Photo from Slate.com

So I was watching how the Real (BARF) Housewives of Orange County interacted as one’s house was turned into a “bow-tique” (the brunette housewife’s words) of designer duds at a girls-only party. The “friendly” cougar infighting over wardrobe selections somehow made me wonder why my mom doesn’t have such, um, engrossing friends. Hers are mostly boring, annoying, or out of the picture, now that her kids and theirs have graduated the same schools.
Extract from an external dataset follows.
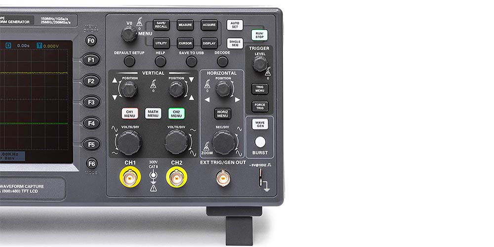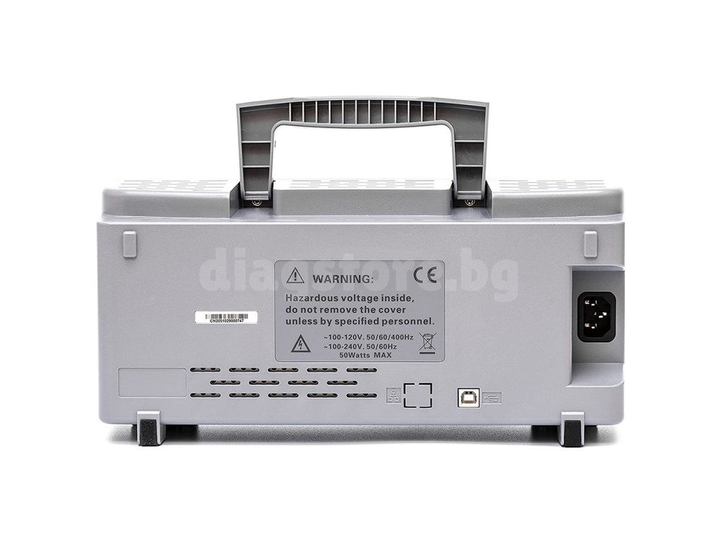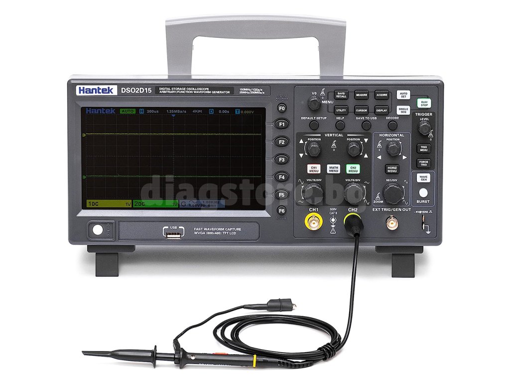 Hantek DSO2D15 е основен **двуканален осцилоскоп**, но може да изненада с функциите си и със сигурност ще зарадва както любителите, така и напредналите потребители. С честотна лента от 150MHz и **вграден генератор на функции**, той също така разполага с **I2C, SPI, UART/RS232 и CAN декодиращи и задействащи възможности**. DSO2D15 има **честота на дискретизация до 1GSa/s и дълбочина на паметта е 8Mpts**, освен това има възможност да **измерва променлив и постоянен ток до 300 VRMS. Осцилоскопът е **пасивно охлаждан**, без вентилатор, така че е **напълно безшумен**. Има и **USB интерфейс за запазване на резултатите от измерванията** на компютър или карта с памет.

I like only one of my mom’s friends. Grace is seemingly normal, and cute. My mom talks of lounging in the “cabana” of Grace’s “unbelievable” house, which is exactly what my mom needs. What she doesn’t need, in my (and dad’s) opinion, is that particular one that lives to proselytize about Jesus, the “conspiracy” of Hormone Replacement Therapy, and the expensive Shaklee vitamins she peddles. (The kook’s daughter was “extremely talented” as a Play-do sculptural artist. She attended a San Antonio university as a lackluster art major, because, she proclaimed, she was just passing the time to find a husband, anyway.)

Anyhow, as I beheld a brief moment of the housewives’ reclining and relaxing in leopard print, I immediately thought of my mom and Grace, gossiping and munching, poolside.

I even inserted myself into this fantasy—now of age, just one of the women (ahem, the younger one). But with enough wherewithal and stature to joke with my mother and Grace: “Come ON mom, the blog wasn’t that bad. Didn’t you like this and such part?” Like friends do. I just don’t have that sort of relationship with my mom.